The U.S. Department of Commerce has now placed tariffs on imported Canadian mushrooms, claiming the Canadian industry is being unfairly subsidized. A fact sheet released by the Commerce Department showed that Canadian mushrooms will face graduated tariffs of up to five percent, citing unfair government support.
In September of last year, several American mushroom growers filed a petition with the U.S. Ag Department requesting that a countervailing duty be placed on Canadian mushroom imports, and that an anti-dumping investigation also take place.
The petition by U.S. growers argued that a Canadian sales tax exemption status equates to Canada’s mushrooms receiving an unfair subsidy. What has people scratching their heads in this instance is that American mushrooms, like most other farm products, also receive similar sales tax exemptions.
Kelvin Hepner is a Canadian agrifood analyst. He says the sales tax exemption received by the mushroom producers in Canada is much like the same exemption received by U.S. producers.

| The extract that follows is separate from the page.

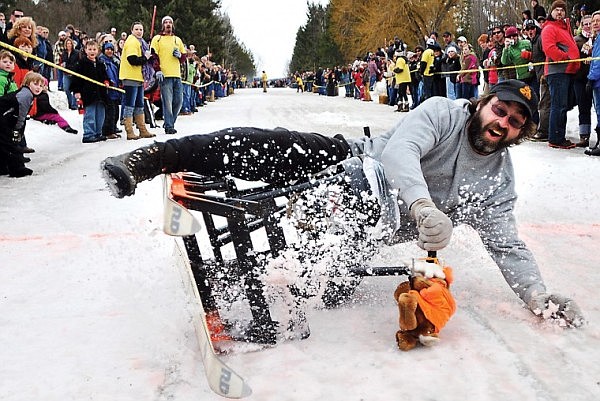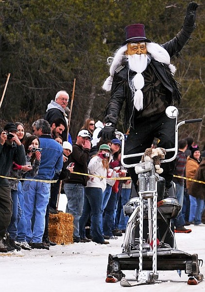 Doug Burnett of Bigfork donned a Sasquatch costume as he and his two grandchildren sat in a canoe fitted over electric conduit that allowed it to slide across the snow.

“The allegation here is that Canada’s mushroom producers are subsidized. They’re pointing to sales tax exemptions that apply to all of agriculture. It’s a very similar tax policy to what the U.S. farmers have. It looks like a protectionist effort to protect the U.S. mushroom-producing area that’s highly concentrated in Pennsylvania.”

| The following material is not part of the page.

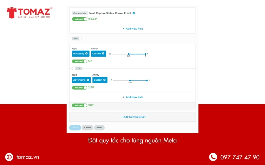 Đây là bước quan trọng giúp bạn xác định chính xác nhóm khách truy cập mà mình muốn nhắm đến. Bạn cần lựa chọn nguồn, sự kiện, thời gian lưu giữ đối tượng và các quy tắc bao gồm hoặc loại trừ. Một số tùy chọn phổ biến có thể áp dụng gồm: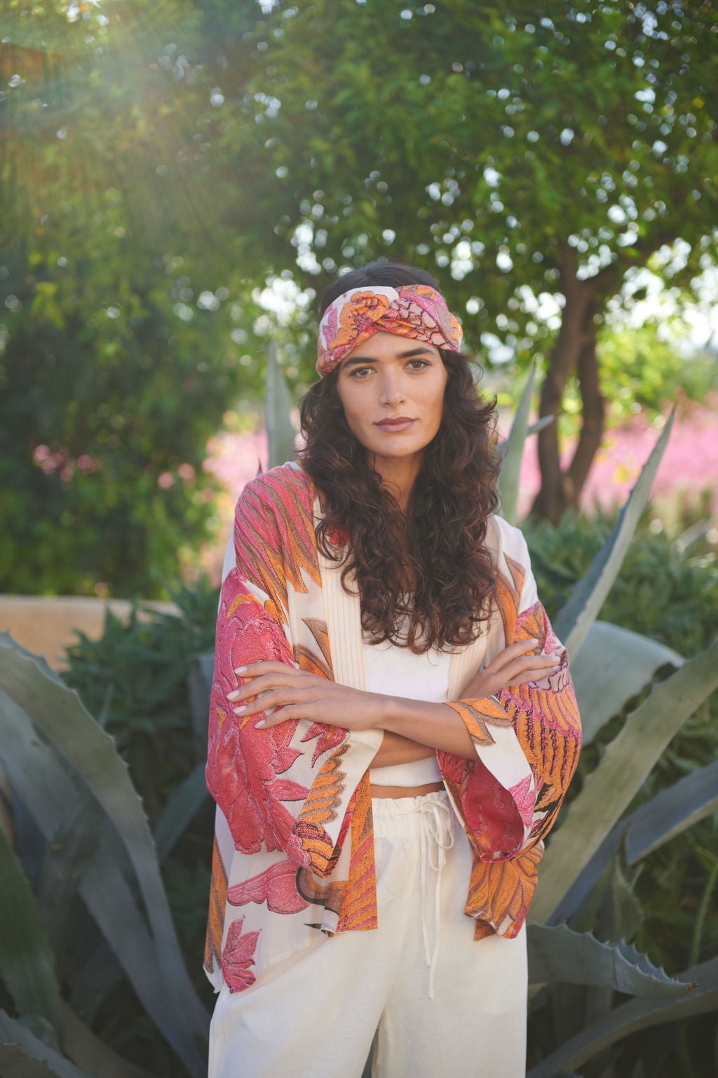 Please note to reduce waste in our manufacturing process our headbands are made from the offcuts from our kimonos and gowns. This means each headband is a unique and one-off piece, so the one you purchase may be different to the one in our photographs.

The tariffs being imposed on Canadian mushrooms are called countervailing duties, and are the same measures used to tariff Canadian softwood lumber. That’s a dispute that’s been going on for decades now, where such tariffs are imposed on imported goods that the U.S. claims are being unfairly subsidized.
The Canadian mushroom industry has seen a lot of growth in the past 25 years, and exports have increased substantially into the U.S. marketplace over the past decade. Ryan Koeslag is the executive vice-president of the Canadian Mushroom Growers’ Association. Koeslag says a tax exemption is unprecedented as a justification for countervailing duties.
“They’re the same in the United States as they are in Canada. We’ve always been operating under the rules and regulations of the free and fair trade between Canada and the US. And so, the reason that they identified this, I think, is really because they’ve not been able to find anything else.”
Ontario and British Columbia produce most of those mushrooms, and about 40 percent of Canada’s annual production goes to the U.S.
William Peleran, a Canadian international trade lawyer, believes that the duty on Canadian mushrooms is targeting Canada’s agricultural sector.
“What this tells us is that industries are becoming very, very aggressive to look at import competition. There’s a broad trend to look at agricultural products flowing into the United States, to have duties imposed at the border, to offset that alleged unfair trade.”